Back together and it runs fine - except when it randomly tries to die at idle. it's like the revs are trying to drop, you can keep it going with the gas pedal or the choke, but if you don't then it will putter out. Almost like it's not firing on all cylinders or something. Most of the time it's fine, you can leave it running at idle or drive it, but occasionally it just dies and doesn't want to start.

Only interesting thing I noted this time that I never saw before was that there was some carbon deposits on the nozzle of the carb barrel closest to the engine....

Could this be connected? Broken valve? timing?

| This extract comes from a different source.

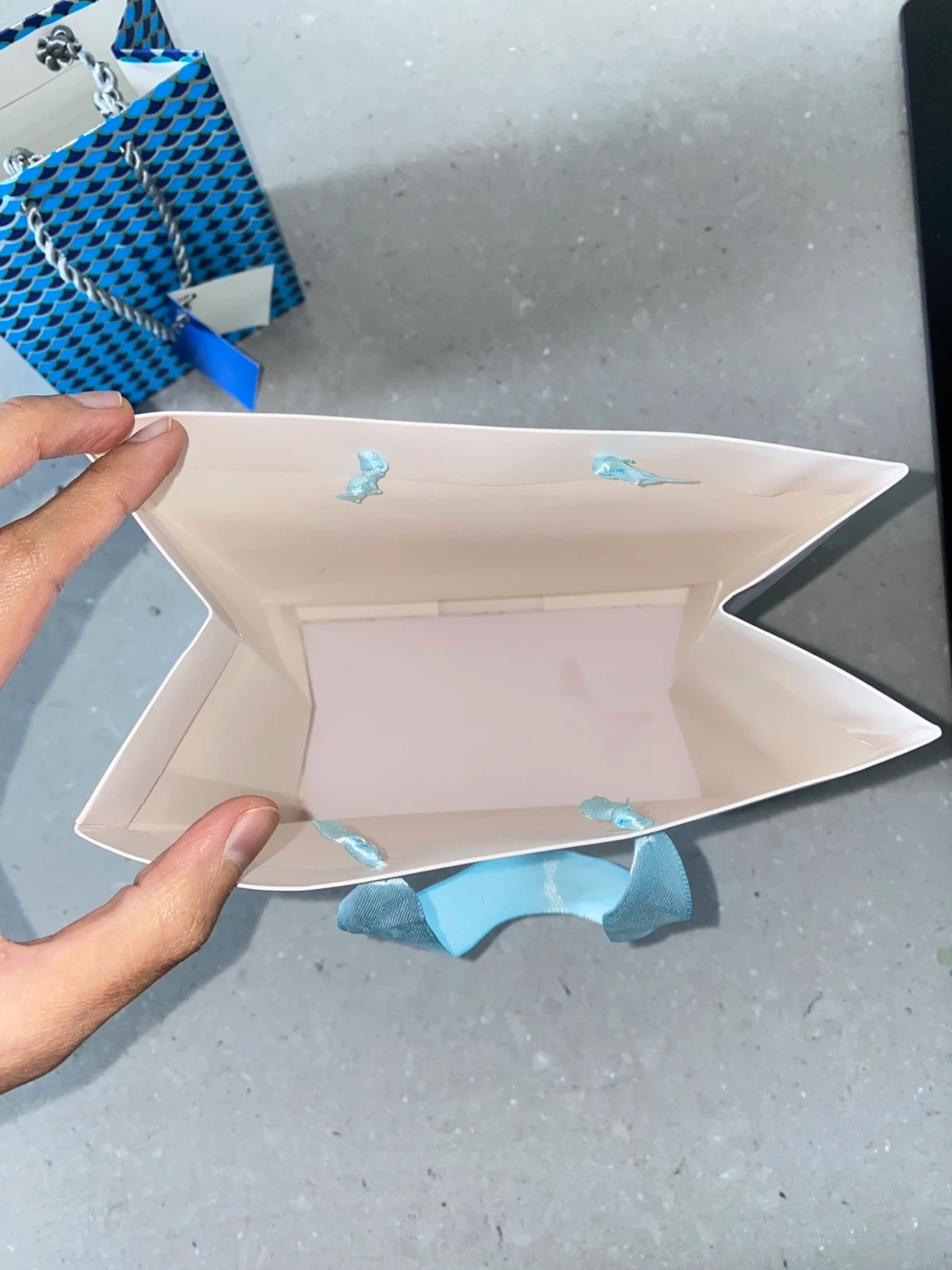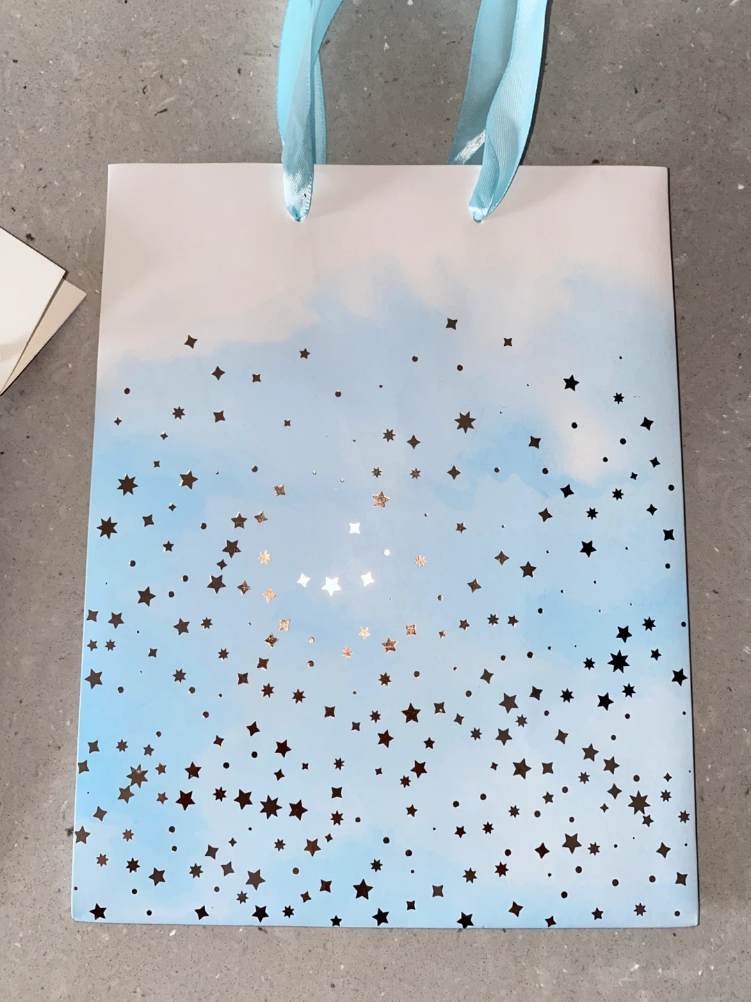 Selling a set of two gift bags in different shades of blue! One has a golden star pattern that reflects light and the other has a scale pattern. Perfect for any occasion!
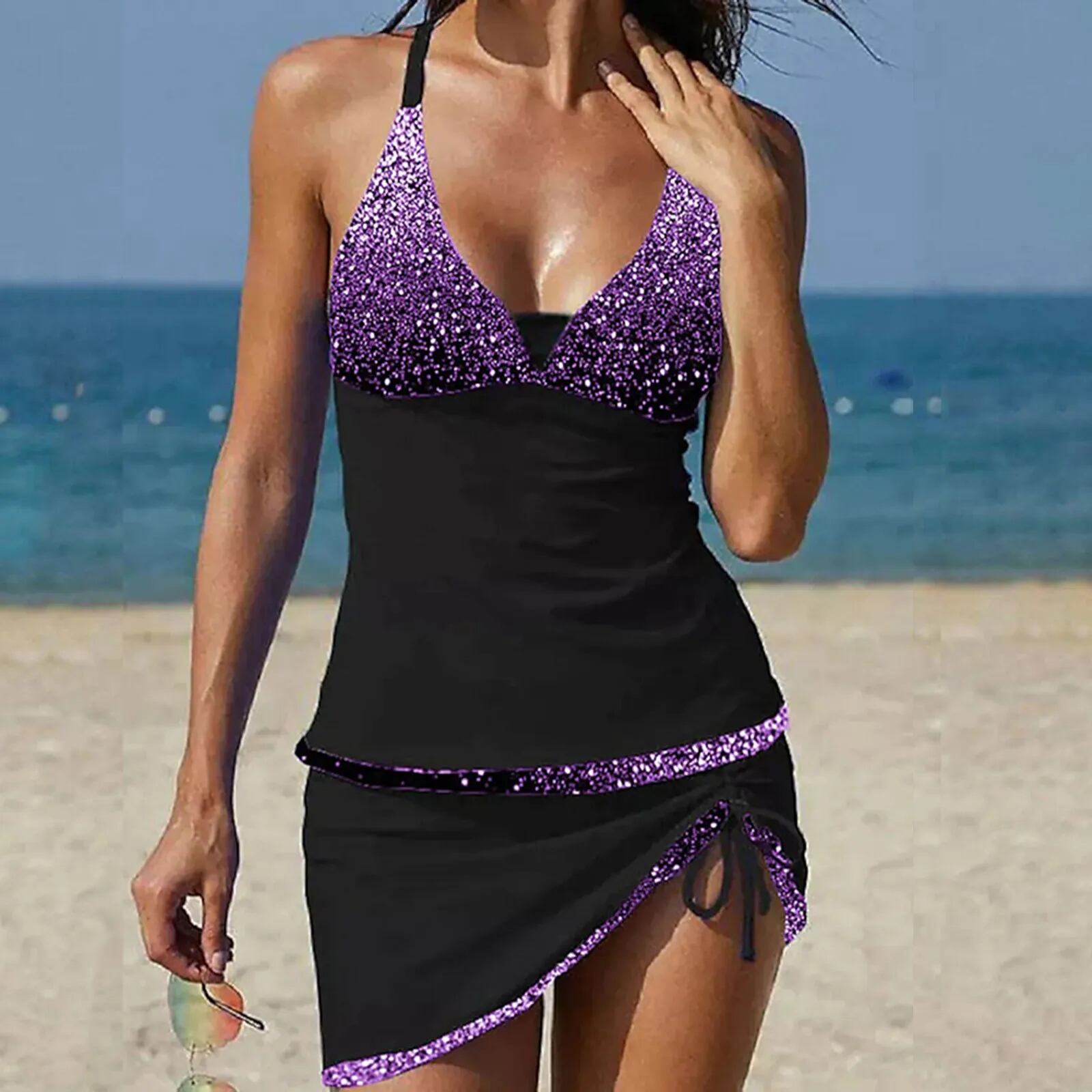 ツーピースのきらびやかなタンキニセット、ハイウエスト水着、ビキニモノキニ、女性用スポーツスーツ、分割水着 ビキニ Tシャツ T240618235218_06

Tired of playing guessing games with only a basic grasp of this. Did have it booked with a mechanic I trust for Monday but he said he's busy and can't get it in for anther month.

Any ideas please?

Dave
 
Do you have another carb or a friend who could lend you one to see if resolves the issue? Flame me, but can try a weber carb to see it improves. A month down is a long time
 
Is the gas even with the center of the sight window now? FYI...a clogged egr valve will cause stalls also. I once cleared a sticking clogged EGR valve simply by beating it with a hammer as the engine rev'd. Are you completely desmogged or do you have an EGR valve? Agree with above to swap out carbs just as a process of elimination. If you put another carb on and the problem persists you should check for vacuum leaks. And test the engine vacuum ..it will tell you much about the health of your engine. If you suspect several cylinders are not firing you should test your spark plugs to make sure they are firing. Double check your firing order too.

Reading your original post you said you have milky oil ie coolant getting into the oil, also your spark plugs are getting fouled often. Maybe time to pull the cylinder head and have a valve job done and have the head magfluxed for cracks. I did mine at about 280k miles and now have 322k so It has bought me some time. I did have cracks in the head with coolant puddling on top of the head under the valve cover and pouring over onto the lifters. I had to source another used cylinder head. the are no longer available.

If your plugs are getting fouled with dry carbon I'd suspect the exhaust valves(an easier fix) If they are getting oily black then maybe some blow-by from the piston rings (more of a total rebuild here). Either way you'll need to address this sooner or later.
 
turns out my float didn't float

kept tinkering with it, adjusting the tabs to try and get the level right. until I tried shaking the float. couldn't feel any liquid. tried putting it in the bowl. sank. got the old carb and took the float off - result!

like the time I went up in the mountains and my compass kept pointing every which way, making no sense at all. took me three days to figure out that there was a magnet in my mittens for folding back the finger pocket.

think I'll still get it to a professional to have a proper look at it, but very thankful that I figured out the immediate problem - thanks for all your help!